ABOUT THIS EXERCISE: Set down each line of the data exactly, but not the pictures.
START PROVIDED MATERIAL
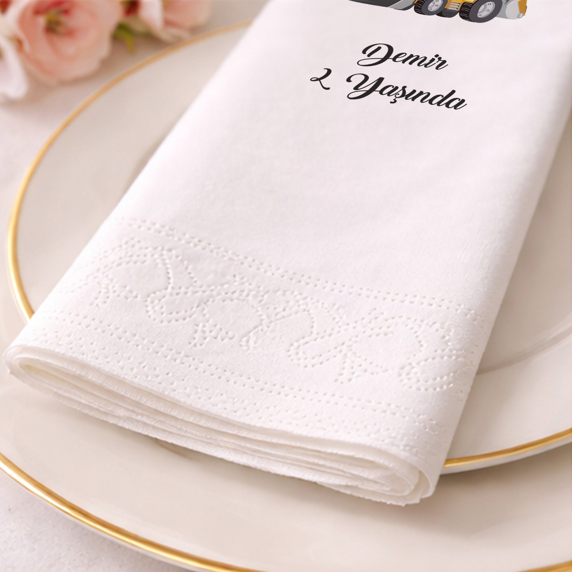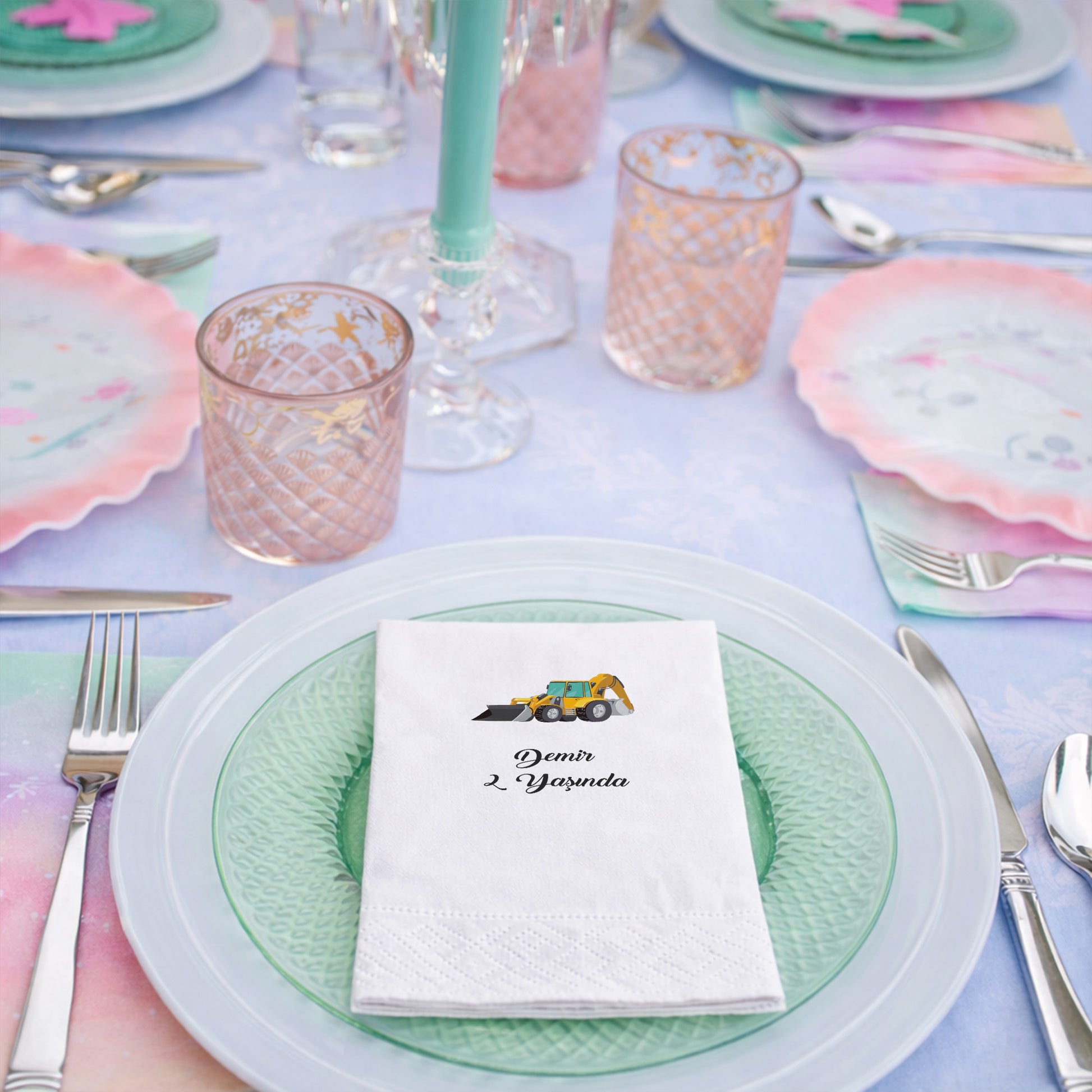 Kepçe illüstrasyonu ile tasarlanan bu peçete, özellikle küçük yaş erkek çocuk doğum günü organizasyonları için sevimli ve enerjik bir atmosfer oluşturur. İsim ve yaş bilgisi eklenebilen kişiye özel tasarımı sayesinde kutlamayı unutulmaz hale getirir. Yumuşak dokulu çift katlı yapısı, hem estetik hem de fonksiyonel kullanım sunar. Gıda ile temasa uygun baskı teknolojisi kullanılarak üretilmiştir. Doğum günü masasında pasta ve ikram sunumlarını konseptle uyumlu hale getirir. Evde yapılan küçük kutlamalardan büyük organizasyonlara kadar rahatlıkla tercih edilebilir. Temalı masa düzeni oluşturmak isteyen ebeveynler için pratik ve şık bir çözümdür.
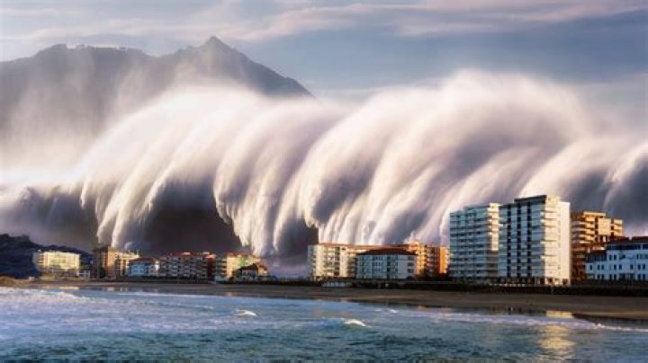 2. Fog “Tsunami” At first glance, this jarring sight looks like a giant tsunami rolling in from the ocean, but it's actually a massive amount of fog. When conditions are just right in late spring or early summer, the condensation from warm air merging with cool ocean water can create this dramatic effect.
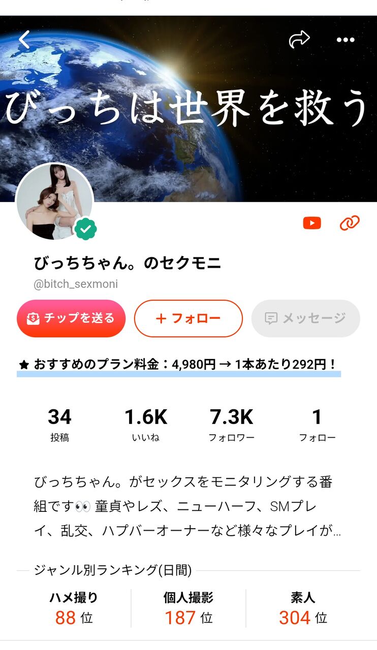 以前は、YouTubeチャンネル「びっちちゃん。」(同16万人)で、“経験人数100人超”の「しろ」、発起人の男性「てとぅ」とともに3人で活動していました。しかし今年1月、「方向性の違い」を理由に脱退し、現在は個人で活動しています。
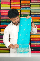 Soft Russian Crepe Silk Silver And Gold Zari Flower Bunch Light Blue With Dark Navy Blue Saree
END PROVIDED MATERIAL
YOUR SOLUTION:
 Kepçe illüstrasyonu ile tasarlanan bu peçete, özellikle küçük yaş erkek çocuk doğum günü organizasyonları için sevimli ve enerjik bir atmosfer oluşturur. İsim ve yaş bilgisi eklenebilen kişiye özel tasarımı sayesinde kutlamayı unutulmaz hale getirir. Yumuşak dokulu çift katlı yapısı, hem estetik hem de fonksiyonel kullanım sunar. Gıda ile temasa uygun baskı teknolojisi kullanılarak üretilmiştir. Doğum günü masasında pasta ve ikram sunumlarını konseptle uyumlu hale getirir. Evde yapılan küçük kutlamalardan büyük organizasyonlara kadar rahatlıkla tercih edilebilir. Temalı masa düzeni oluşturmak isteyen ebeveynler için pratik ve şık bir çözümdür.
 2. Fog “Tsunami” At first glance, this jarring sight looks like a giant tsunami rolling in from the ocean, but it's actually a massive amount of fog. When conditions are just right in late spring or early summer, the condensation from warm air merging with cool ocean water can create this dramatic effect.
 以前は、YouTubeチャンネル「びっちちゃん。」(同16万人)で、“経験人数100人超”の「しろ」、発起人の男性「てとぅ」とともに3人で活動していました。しかし今年1月、「方向性の違い」を理由に脱退し、現在は個人で活動しています。
 Soft Russian Crepe Silk Silver And Gold Zari Flower Bunch Light Blue With Dark Navy Blue Saree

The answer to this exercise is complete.